The limitations of our study are its retrospective design and the exclusion of patients with an unknown death status within 2 years after entry into stage IV that may positively bias the survival. Also, the genotype has proven influence on the prognosis but was not considered here due to missing data as no data on the genetic background of the tumors were available.

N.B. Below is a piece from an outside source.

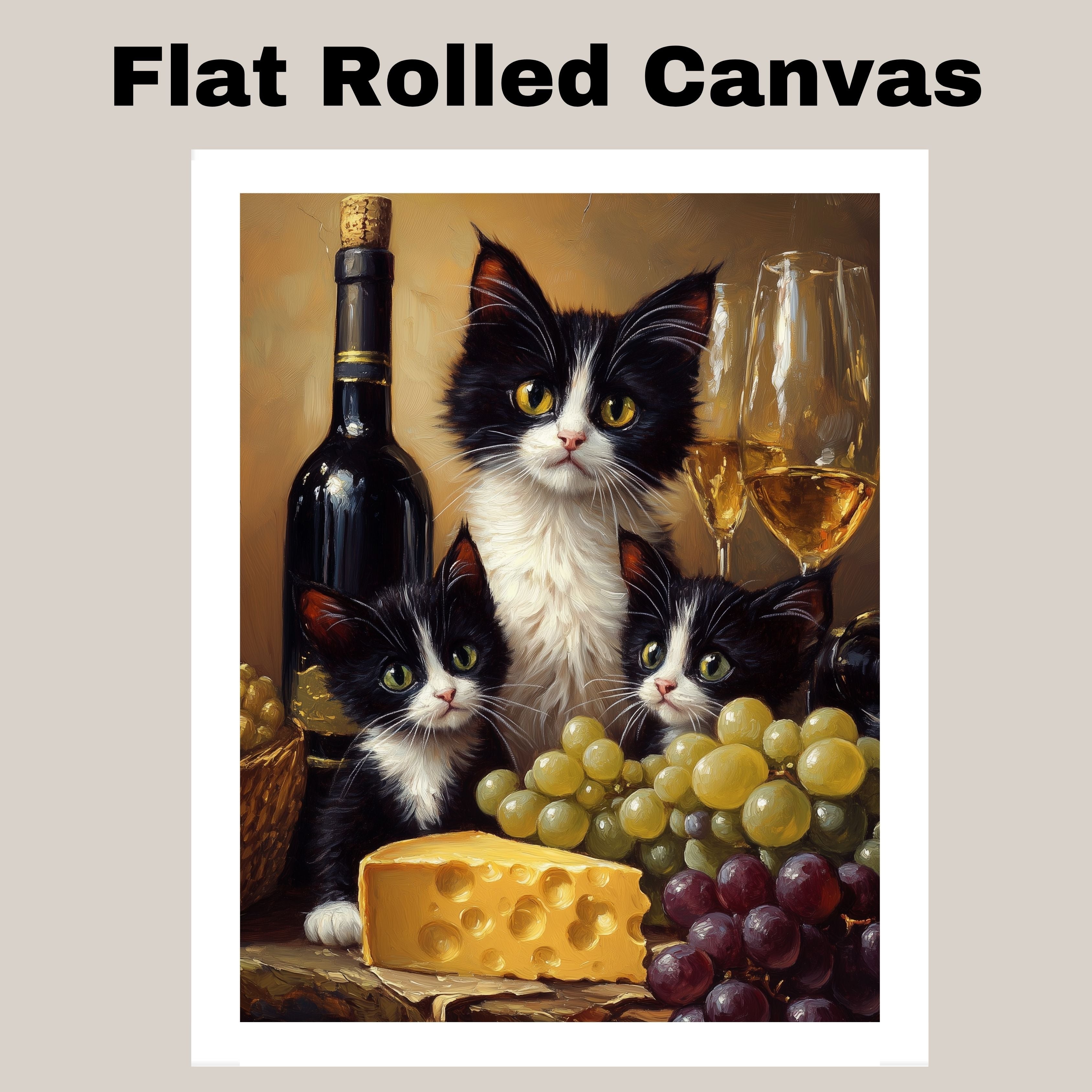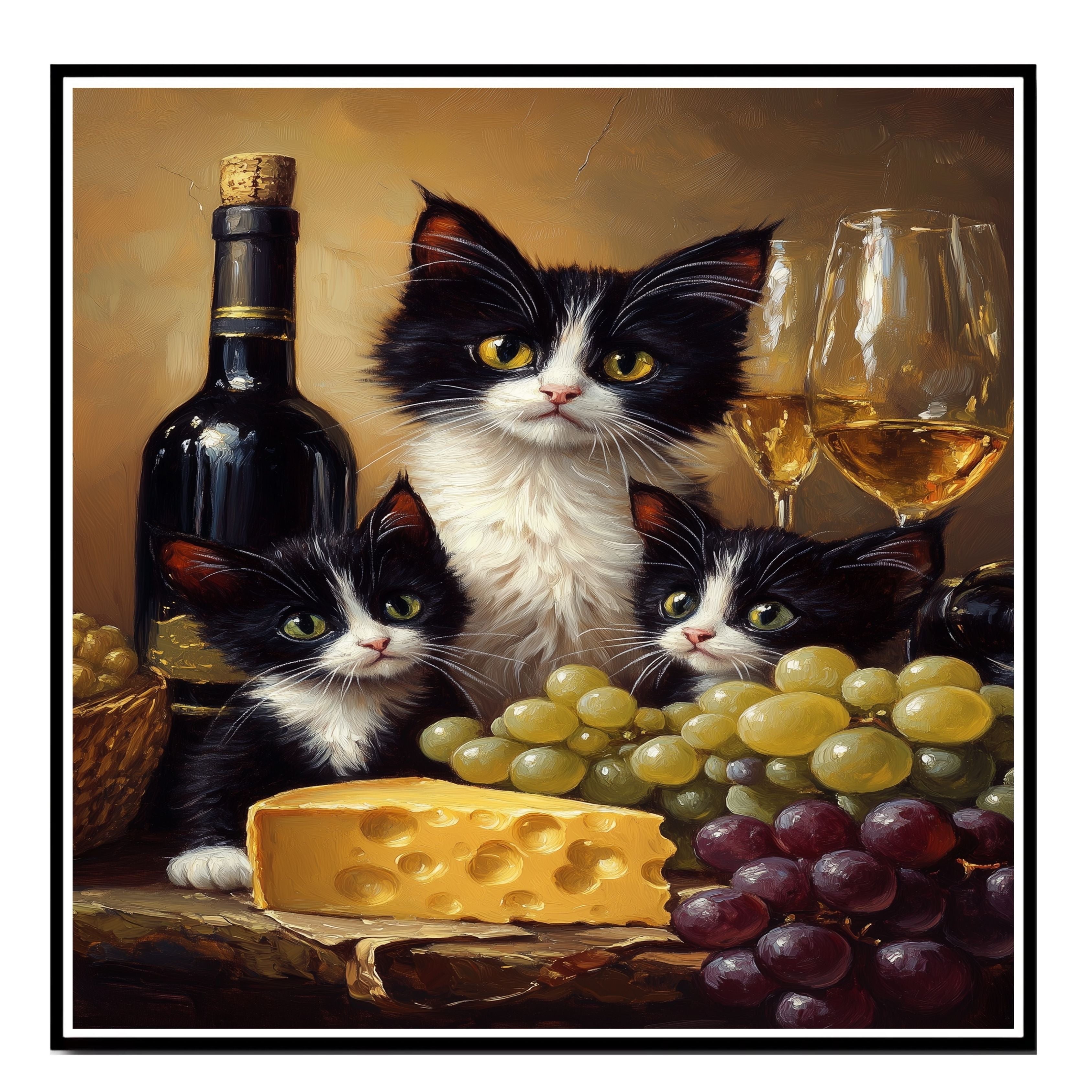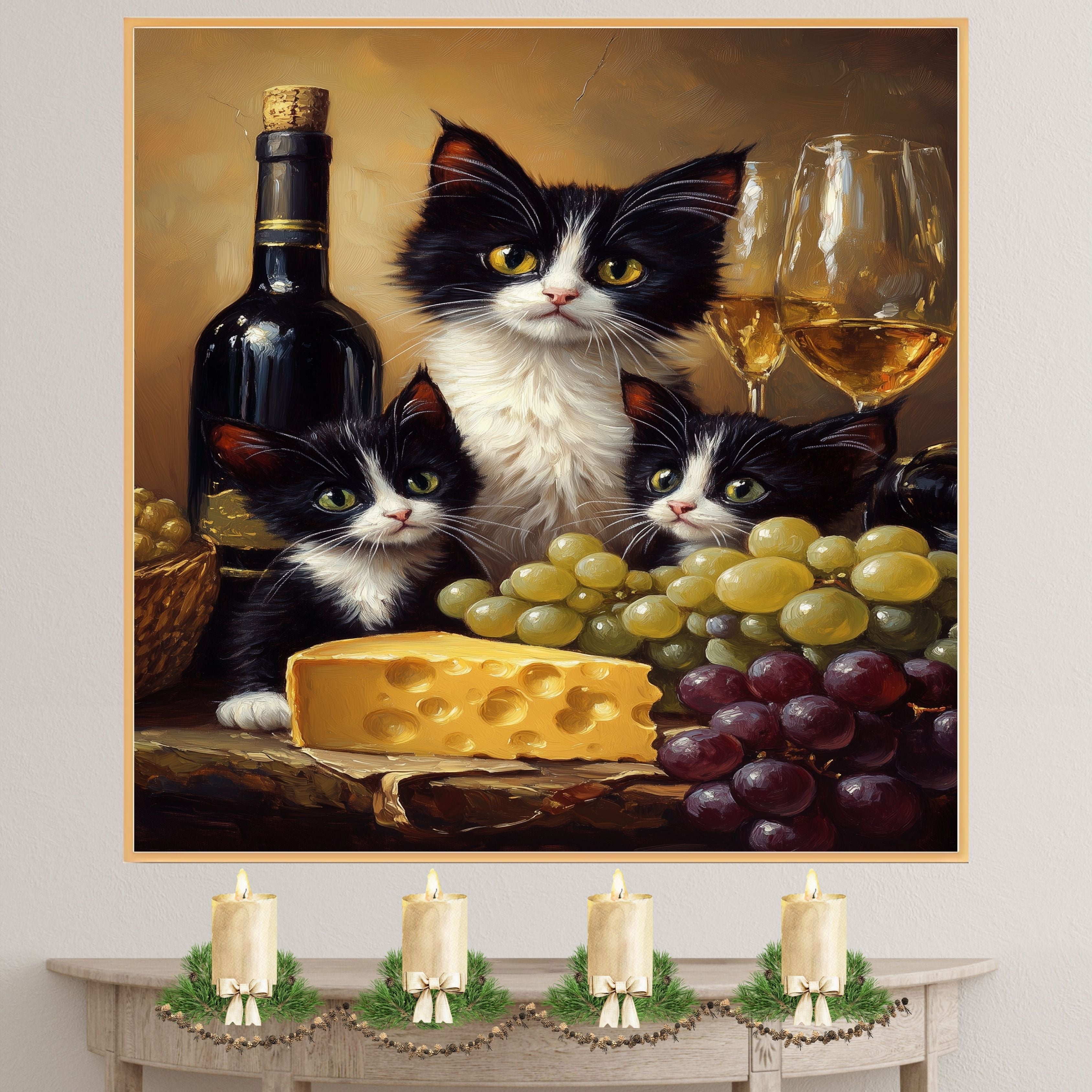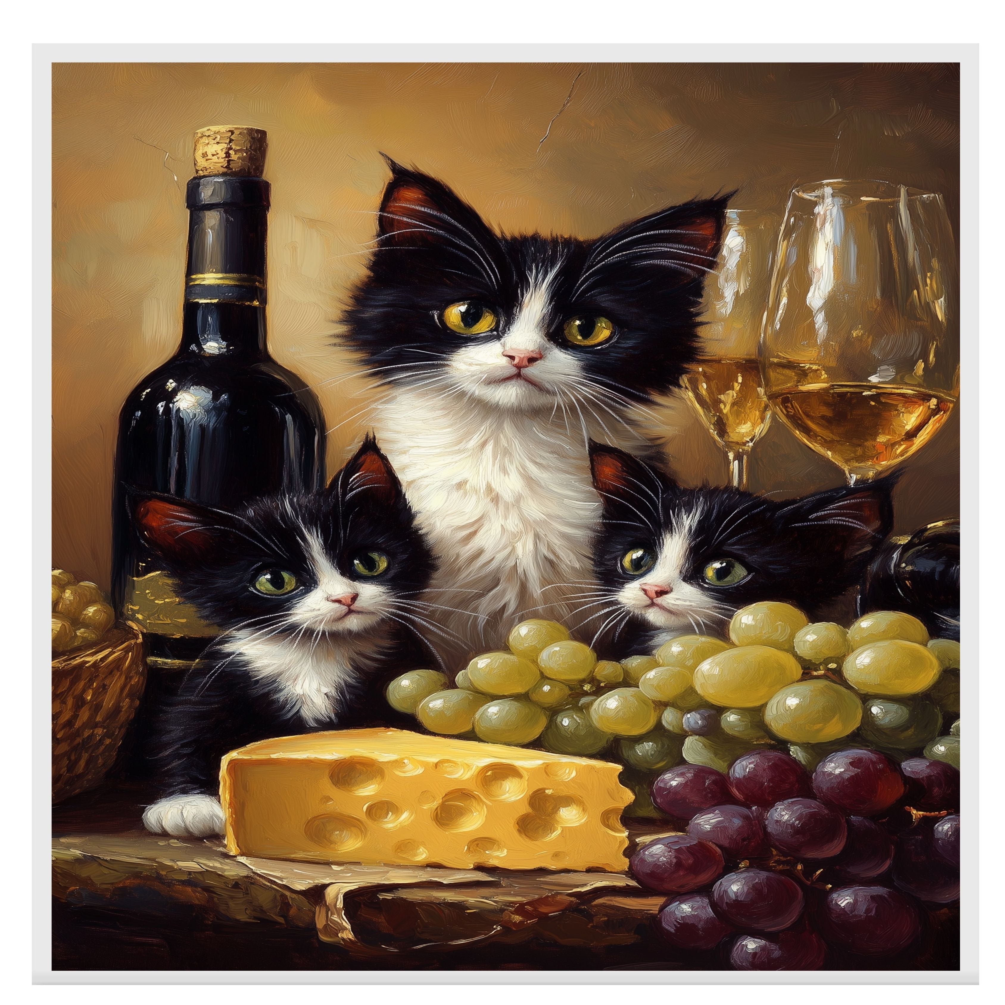 "Wine and Whiskers" Canvas showcases a tuxedo cat mom and her kittens playfully nestled among grapes and cheese, evoking the charm of a cozy vineyard gathering. With rich colors and a touch of feline mischief, this whimsical artwork is perfect for wine lovers and cat enthusiasts alike. Available on 1.5" thick canvas wrap, floating framed canvas, or flat rolled canvas.

To date, we have some information on the impact of genetic alterations (1) on development and the pattern of metastasis formation, (2) on the disease course once metastasis has developed, and (3) on the treatment response, in particular to ICB. UM is genetically characterized by chromosomal losses and gains as well as a low mutational burden. Chromosomal alterations like monosomy 3, disomy 3, and gain of chromosome 8q are considered strong prognostic factors. Monosomy 3 is associated with poor disease-free survival (DFS), while tumors with disomy 3 tend to spread rarely and have prolonged DFS. Gain of chromosome 8q and loss of chromosome 3 are associated with a poor OS [26, 27]. Somatic GNAQ and GNA11 mutations are commonly detected leading to consecutive activation of the MAPK pathway which might contribute to the development of UM [28]. However, survival seems not to be affected by these mutations [29]. Further, hemizygous mutations in the BAP-1 gene were found in monosomy 3 tumors resulting in loss or dysfunctional BAP-1 expression associated with poor DFS and OS [30,31,32]. Szalai et al. demonstrated a strong association between BAP-1 mutated tumors and a peak of clinical detected metastases 2 years after enucleation [33]. They suggested that this might be an explanation for the observations of the disproved Zimmerman–McLean–Forster effect, who hypothesized that the enucleation causes a spread of tumor cells leading to the peak of metastases [33, 34]. However, BAP-1 mutated tumors might correlate to locally fast progressive liver metastasis observed in our study population. Moreover, SF3B1 and EIF1AX mutations occur in tumors with disomy 3 and are associated with a more favorable disease course [32, 35, 36]. SF3B1 mutations correlate with a long DFS and with a late peak of metastases after 7 years [30, 33]. EIF1AX mutations as well as wild-type BAP-1, SF3B1, and EIF1AX genes are correlated with prolonged survival [30]. Thus, the genotype plays an important role in determining the overall prognosis regardless of treatments. Further, there are signals that a high mutational burden is predictive for response to ICB [37] and a MBD4-related hypermutator phenotype in metastatic uveal melanoma showed an exceptional high sensitivity to anti-PD-1 which is present in up to 2% of UM patients [38].
Altogether, the prognosis of metastatic UM in this population was better than the recently proposed benchmark and may have improved by the more frequent use of ICB. We demonstrate that a good response to ICB, extrahepatic disease, and liver-directed treatments, were associated with long-term survival.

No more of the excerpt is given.